Jordi Ramentol: “With this measures, the government and the regions have put our industry into a critical situation: we can no longer contribute to the sustainability of the Sistema Nacional de Salud (National Health System) nor to the reduction of the Spanish public deficit.”

Farmindustria says initiatives introduced by some regions were very harmful for the industry and threatened to fragment Spain’s national pharmaceutical market. Spain has 17 semi-autonomous regions, which have some powers in deciding health policy and spending.

Pharma companies in Spain have laid off around 5,000 direct employees with a further 20,000 indirect jobs also hit in the last year or so.

The industry is warning of stagnation in Spain’s pharma sector, as foreign firms become deterred by the hostile environment.

The one source of optimism is a new strategic plan to make Spain’s pharma industry more competitive in R&D and more attractive for investment.

This plan was announced in September last year by the prime minister, José Luis Rodríguez Zapatero.

The plan covers four key areas: R&D, access to market, medicine use and industrial competitiveness.
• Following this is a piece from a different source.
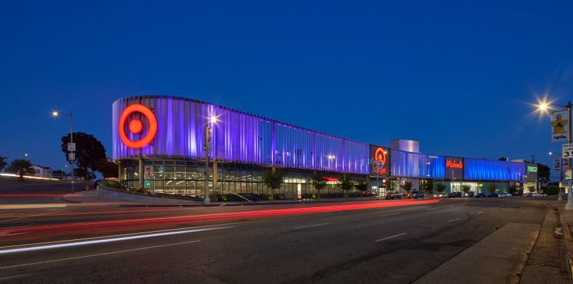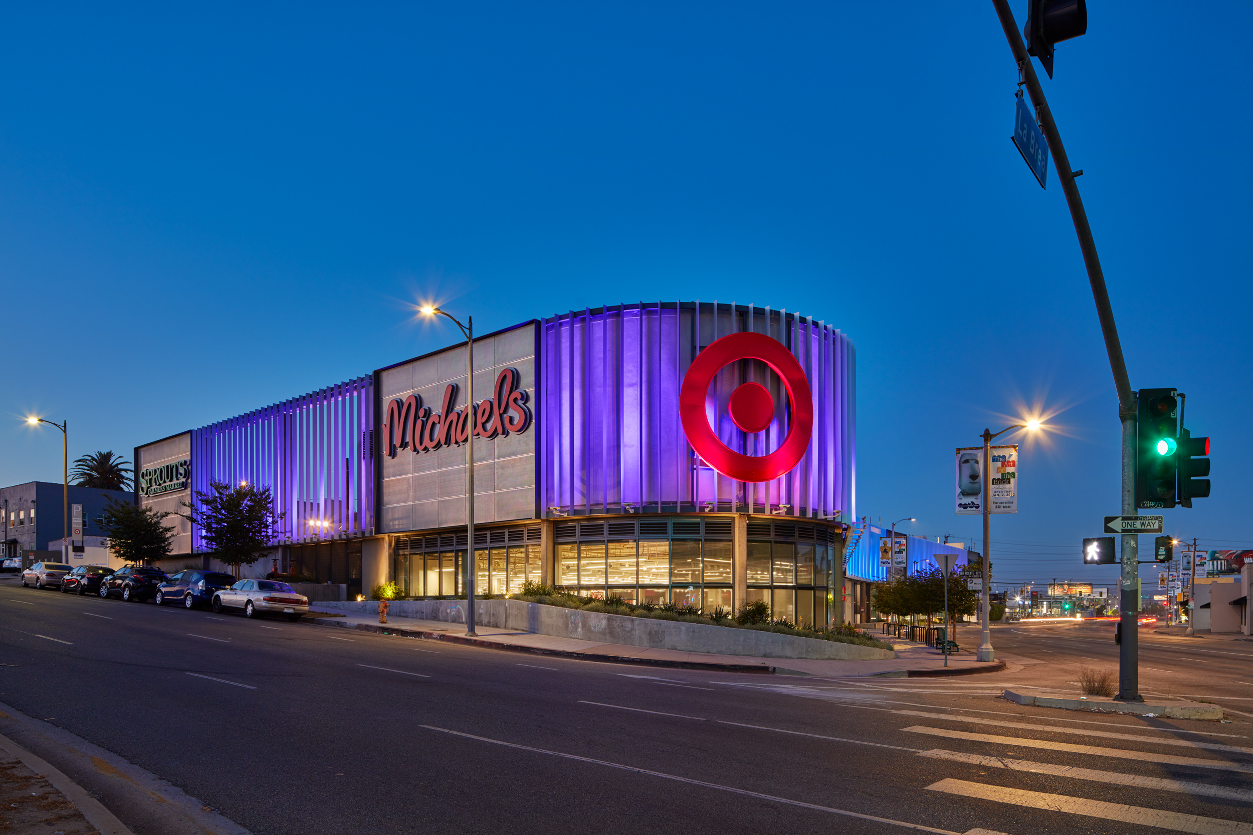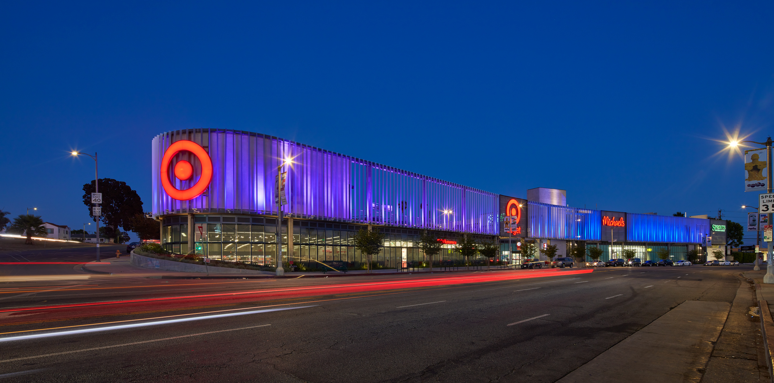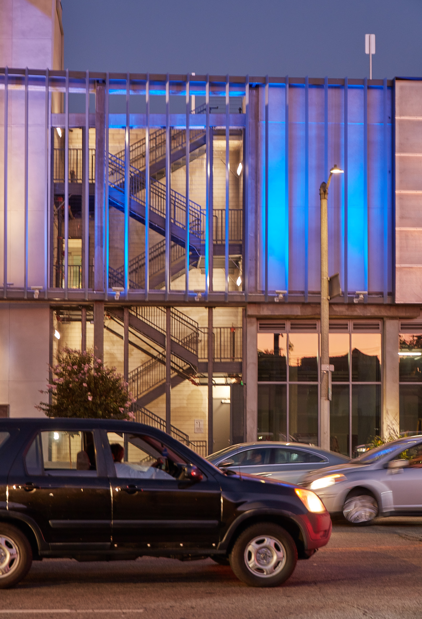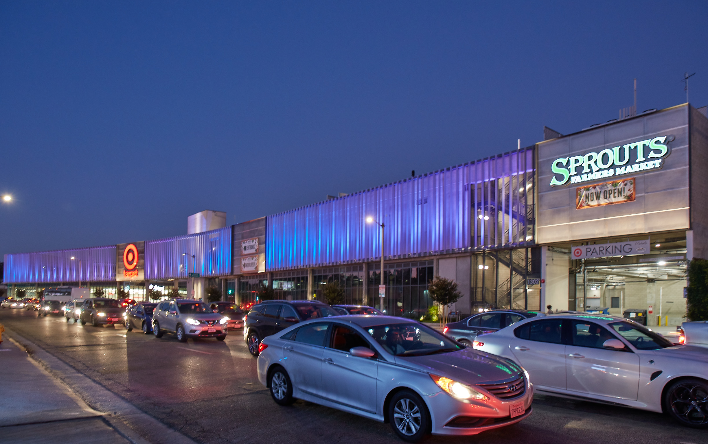 1302 La Brea is a two-story retail building south of mid-Wilshire with 80,000 square feet of retail with three levels of parking. In response to the lot size and dimensions, 1302 La Brea hosts a long horizontal proportion and follows the curvature of the boulevard. The building is situated in a retail desert and adjacent to heavy vehicle traffic. Responding to this environment, the building’s functions brings a needed retail space including a grocery store wrapped with a façade was designed to be experienced from a vehicle and public transit.

The aim is to create a permanent collaboration between the government and the sector to pursue its development and for it to be “compatible with the sustainability of the SNS and a high quality public health service”.

Farmindustria’s Humberto Harness says regional governments are having to cut back on health spending because Madrid has cut its grants for regional health services.

He said planned reforms and greater efficiency of the system could not improve patient services, and called for the government to increase spending.

He reiterated that Spanish health spending is two percentage points below the European average.

But the Spanish government is under intense pressure to reduce its national deficit, from international markets and from Eurozone leaders.

Spain is the Eurozone’s fourth biggest currency, and if it were to founder, it would pose an even greater threat to the whole economic bloc than Greece, Portugal or Ireland.

The IMF recently applauded Spain’s success in bringing the deficit under control, but says the economy is still in peril, leaving no room to relax the austerity measures.